1 Investigators for the Cardiothoracic Surgical Trials Network (CTSN): University of Virginia School of Medicine, Charlottesville, VA, USA ; 2 University of Pennsylvania School of Medicine, Philadelphia, PA, USA ; 3 Icahn School of Medicine at Mount Sinai, New York, NY, USA.

出版信息

Ann Cardiothorac Surg. 2015 Sep;4(5):411-6. doi: 10.3978/j.issn.2225-319X.2015.04.11.

Abstract

Ischemic mitral regurgitation (IMR) is a subset of functional mitral regurgitation (MR) that has the potential to impact an increasing number of patients in the future. This is in the context of a worldwide population, which continues to live longer with improved survival after myocardial infarction. Substantial data have accumulated over the past few decades demonstrating the negative effects of IMR. Further, significant research has been done to define the optimal surgical approach and several studies have compared mitral repair versus replacement for patients with severe mitral regurgitation (SMR). Studies supporting performance of mitral repair cite superior operative morbidity and mortality rates, while proponents of mitral replacement cite improved long-term durability and correction of MR. Lack of clinically robust Level I randomized controlled trial data have curtailed attempts to better define appropriate surgical treatment allocation over the past few decades. Recently, however, the Cardiothoracic Surgical Trials Network (CTSN) conducted the first randomized controlled trial, funded by the National Heart, Lung, and Blood Institute, the National Institute for Neurological Diseases and Stroke and the Canadian Institute for Health Research, to compare the performance of mitral repair versus replacement for SMR. Herein, the present review describes the design, results and implications of the CTSN SMR trial and its efforts to identify the most efficacious surgical approach to SMR. This review also describes CTSN investigation to predict the recurrence of MR after mitral repair.

摘要

缺血性二尖瓣反流(IMR)是功能性二尖瓣反流(MR)的一个子集,未来可能会影响越来越多的患者。

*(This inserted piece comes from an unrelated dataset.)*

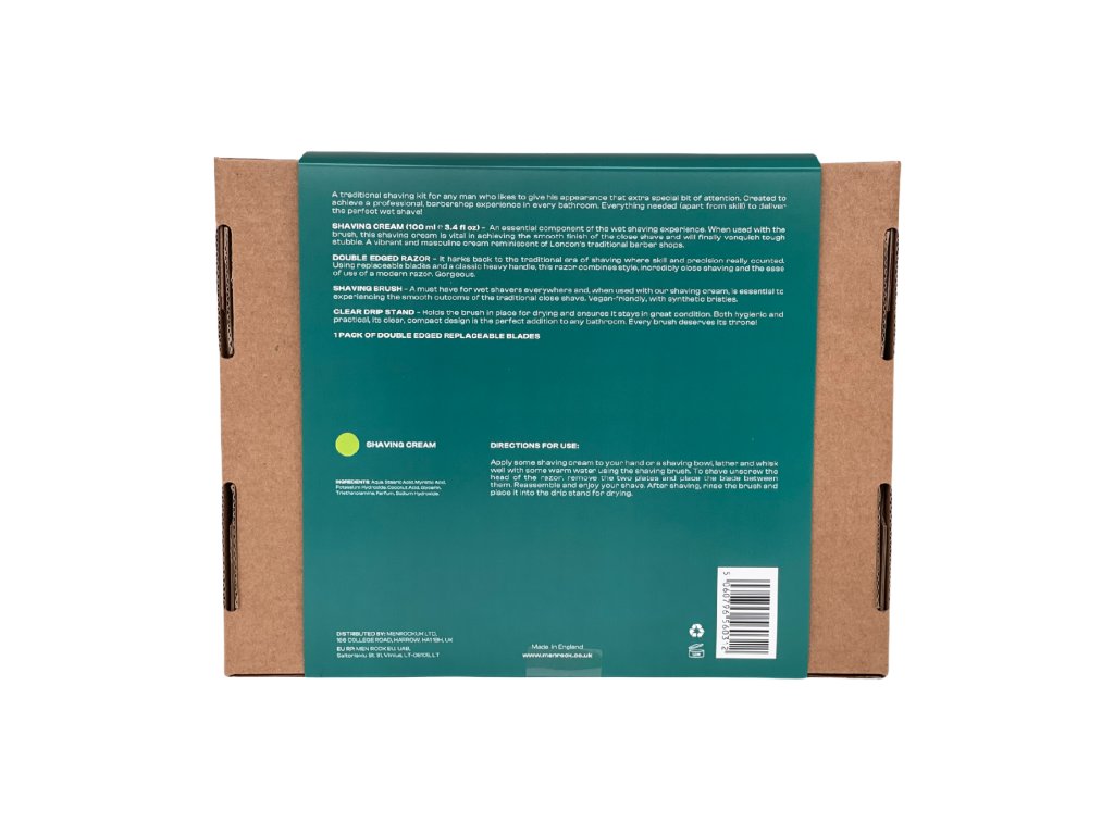 Vše potřebné (kromě zručnosti) k dokonalému mokrému oholení! Skvělý dárek pro každého muže, který rád věnuje svému vzhledu mimořádnou pozornost. Vytvořeno pro dosažení profesionálního zážitku jako z holičství v každé koupelně. Obsahuje: Břitva s dvojitým ostřím Břitva s dvojitým břitem se vrací k tradiční éře holení, která vyžaduje přesnost a zručnost. Pomocí vyměnitelných břitů a klasické těžké rukojeti kombinuje styl, neuvěřitelně přesné oholení a snadné použití. Nádhera. Krém na holení se sicilskou limetkou (100 ml) Nezbytná součást zážitku z mokrého holení. Při použití se štětkou je tento krém na holení nezbytný pro dosažení hladkého povrchu. Při důkladném oholení si poradí i s tvrdým strništěm. S vůní přírodní sicilské limetky připomínající tradiční londýnské holičství. Štětka na holení Tato veganská štětka na holení se syntetickými štětinami mísí horkou vodu a krém na holení do překvapivě husté pěny, a umožňuje tak mnohem pohodlnější oholení. Pomáhá odstraňovat nežádoucí odumřelou kůži a předcházet škrábancům, pořezání nebo podráždění při holení. Stojánek na štětku na holení Každá štětka si zaslouží svůj trůn! Tento odkládací stojánek drží štětku na místě při sušení a zajišťuje, že zůstane ve skvělém stavu. Je hygienický i praktický a jeho průhledný, kompaktní design je dokonalým doplňkem každé koupelny. 1 balení vyměnitelných břitů s dvojím ostřím.Doplňkové parametry

这是在全球人口的背景下,心肌梗死后生存率提高,人们的寿命不断延长。在过去几十年中积累了大量数据,证明了IMR的负面影响。此外,已经进行了大量研究来确定最佳手术方法,并且有几项研究比较了严重二尖瓣反流(SMR)患者的二尖瓣修复与置换。支持二尖瓣修复的研究指出手术发病率和死亡率较低,而二尖瓣置换的支持者则指出长期耐用性提高和MR得到纠正。在过去几十年中,由于缺乏临床强有力的一级随机对照试验数据,限制了更好地确定合适手术治疗分配的尝试。然而,最近,心胸外科试验网络(CTSN)进行了第一项随机对照试验,由美国国立心肺血液研究所、美国国立神经疾病和中风研究所以及加拿大卫生研究院资助,比较SMR患者二尖瓣修复与置换的效果。在此,本综述描述了CTSN SMR试验的设计、结果和意义,以及其确定SMR最有效手术方法的努力。本综述还描述了CTSN预测二尖瓣修复后MR复发的研究。